A monad transformer is represented by the kind T :: (* -> *) -> * -> *. The general contract that a monad transformer offers is ..

class MonadTrans t where
 lift :: (Monad m) => m a -> t m a

Here we lift a computation m a into the context of another effect t. We call t the monad transformer, which is itself a monad.

Well in this post, I will discuss monad transformers in scala using scalaz 7. And here's what you get as the base abstraction corresponding to the Haskell typeclass shown above ..

trait MonadTrans[F[_[_], _]] {
  def lift[G[_] : Monad, A](a: G[A]): F[G, A]
}

It takes a G and lifts it into another computation F thereby combining the effects into the composed monad. Let's look at a couple of examples in scalaz that use lift to compose a new effect into an existing one ..

// lift an Option into a List
// uses transLift available from the main pimp of scalaz

scala> List(10, 12).transLift[OptionT].runT
res12: List[Option[Int]] = List(Some(10), Some(12))

// uses explicit constructor methods

scala> optionT(List(some(12), some(50))).runT
res13: List[Option[Int]] = List(Some(12), Some(50))

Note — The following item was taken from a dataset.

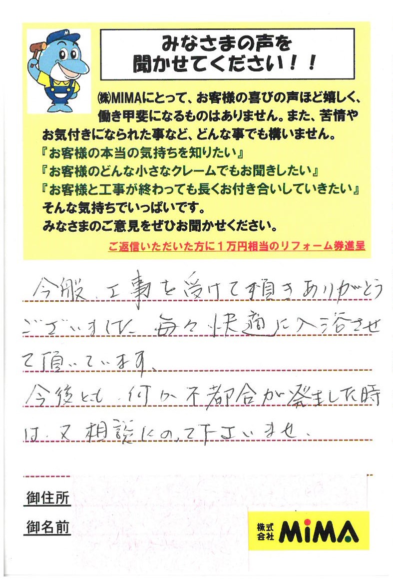 今般、工事を受けて頂きありがとうございました。毎日、快適に入浴させて頂いています。今後とも何か不都合が発生した時は、又相談にのって下さいませ。

If you are like me, you must have already started wondering about the practical usage of this monad transformer thingy. Really we want to see them in action in some meaningful code which we write in our daily lives.

In the paper titled Monad Transformers Step by Step, Martin Grabmuller does this thing in Haskell evolving a complete interpreter of a subset of language using these abstractions and highlighting how they contribute towards an effective functional model of your code. In this post I render some of the scala manifestations of those examples using scalaz 7 as the library of implementation. The important point that Martin also mentions in his paper is that you need to think functionally and organize your code upfront using monadic structures in order to take full advantage of incremental enrichment through monad transformers.

We will be writing an interpreter for a very small language. I will first define the base abstractions and start with a functional code as the implementation base. It does not contain many of the useful stuff like state management, error handling etc., which I will add incrementally using monad transformers. We will see how the core model remains the same, transformers get added in layers and the static type of the interpreter function states explicitly what effects have been added to it.

The Language

Here's the language for which we will be writing the interpreter. Pretty basic stuff with literal integers, variables, addition, λ expressions (abstraction) and function application. By abstraction and application I mean lambda terms .. so a quick definition for the uninitiated ..


- a lambda term may be a variable, x
- if t is a lambda term, and x is a variable, then λx.t is a lambda term (called a lambda abstraction)
- if t and s are lambda terms, then ts is a lambda term (called an application)


and the Scala definitions for the language elements ..

// variable names
type Name = String
  
// Expression types
trait Exp
case class Lit(i: Int) extends Exp
case class Var(n: Name) extends Exp
case class Plus(e1: Exp, e2: Exp) extends Exp
case class Abs(n: Name, e: Exp) extends Exp
case class App(e1: Exp, e2: Exp) extends Exp
  
// Value types
trait Value
case class IntVal(i: Int) extends Value
case class FunVal(e: Env, n: Name, exp: Exp) extends Value

// Environment in which the λ-abstraction will be evaluated
type Env = collection.immutable.Map[Name, Value]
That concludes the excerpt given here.